Challenges on the Horizon
The National Labor Relations Board, which only has jurisdiction over private institutions, has gone back and forth on the eligibility of student worker unions over the years, but its landmark 2016 ruling classifying Columbia University graduate and undergraduate students as employees has largely gone unchallenged since. Herbert said that stability has helped propel the student labor movement.
“This is the longest period we’ve had a consistent ruling from the NLRB on this issue,” he said.
That might not last. In March, Duke University announced its intention to challenge the Columbia ruling and attempt to trigger a court-ordered dissolution of student collective bargaining units at private colleges, a potential catastrophe for the campus labor movement.
Organizing an undergraduate union can be an uphill battle even without legal challenges. At Kenyon College in Ohio, where student workers first pushed for unionization three years ago, the campaign has been stalled for almost two years. More than 500 days after first filing for representation with the NLRB office in Cleveland, student organizers are still awaiting a decision.
In the meantime, the Kenyon Student Workers Organizing Committee (or KSWOC) has set up a small health-care plan for about a dozen student workers, filed three unfair labor practice complaints against Kenyon with the NLRB and gone on four strikes.
Michelle Hannah, a former student worker who graduated last spring, is still involved in the campaign. But many of her peers who helped kick-start the unionization efforts have graduated and moved, which she said has threatened to deflate the initial surge of energy.

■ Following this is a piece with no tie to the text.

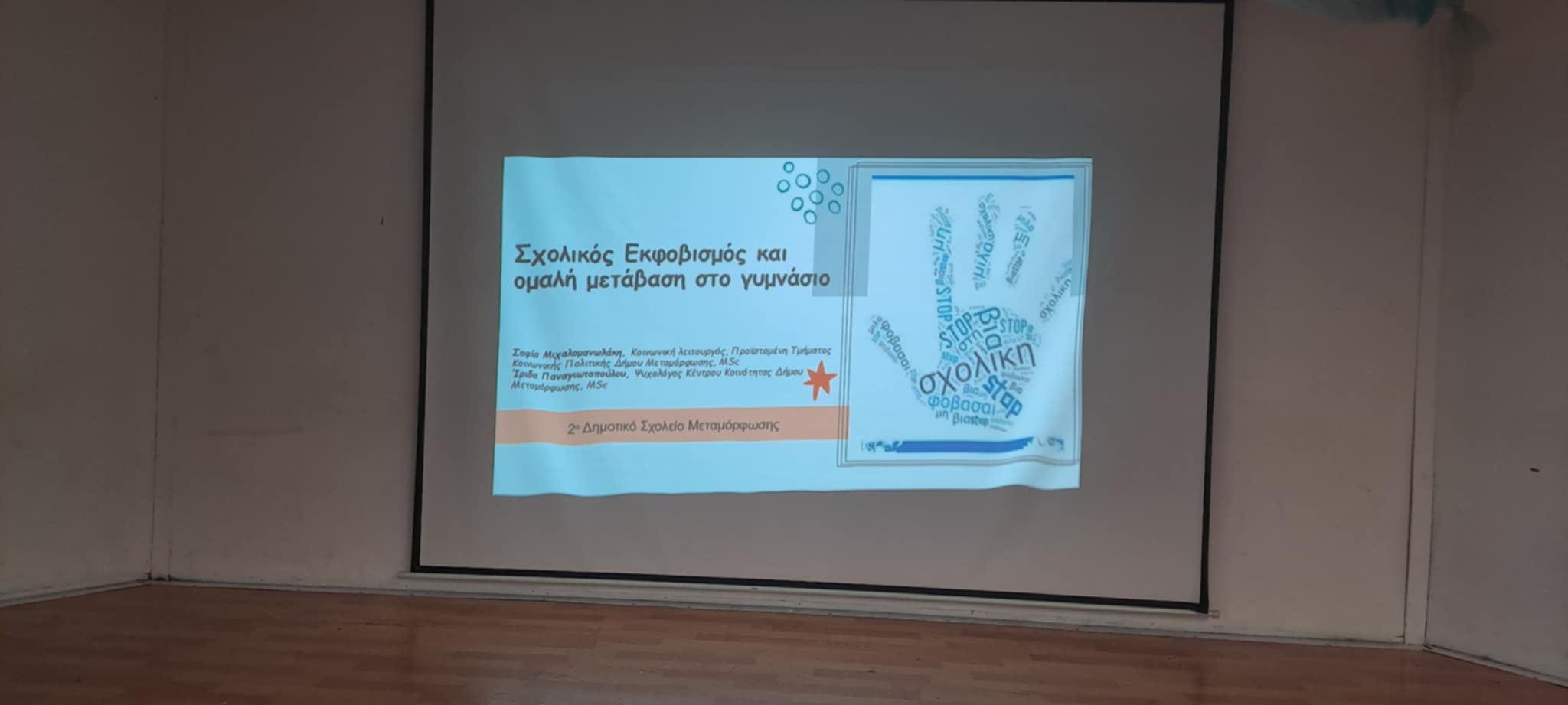 Ενημερωτική ομιλία για το σχολικό εμφοβισμό και ομαλή μετάβαση στο Γυμνάσιο σε γονείς του 2ου Δημοτικού Σχολείου.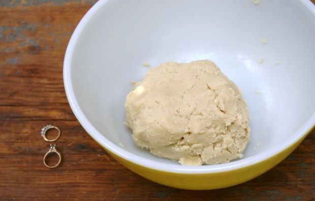 Once I had small and large crumbs forming, I decided to take off my rings and dig-in. Using my hands I kneaded and mashed and formed the shortbread dough.

“It’s definitely a deliberate strategy to take steam out of the movement, to wait it out,” Hannah said. “There aren’t many people left who would remember the first strike we went on.”
Meloy, at Oregon, said the possibility of such a protracted fight is daunting, and despite the growing list of successful undergraduate campaigns, she knows the chances of a fast and friction-free process—like Wesleyan’s voluntary recognition of its RA union—are slim. But she said she and her peers at UO and across the country have been inspired by the grad students and staff organizing on their campuses and are dedicated to sticking it out.
“I have never seen a group so committed to a cause,” she said. “I have no doubts that we’ll keep fighting. We’re not slowing down.”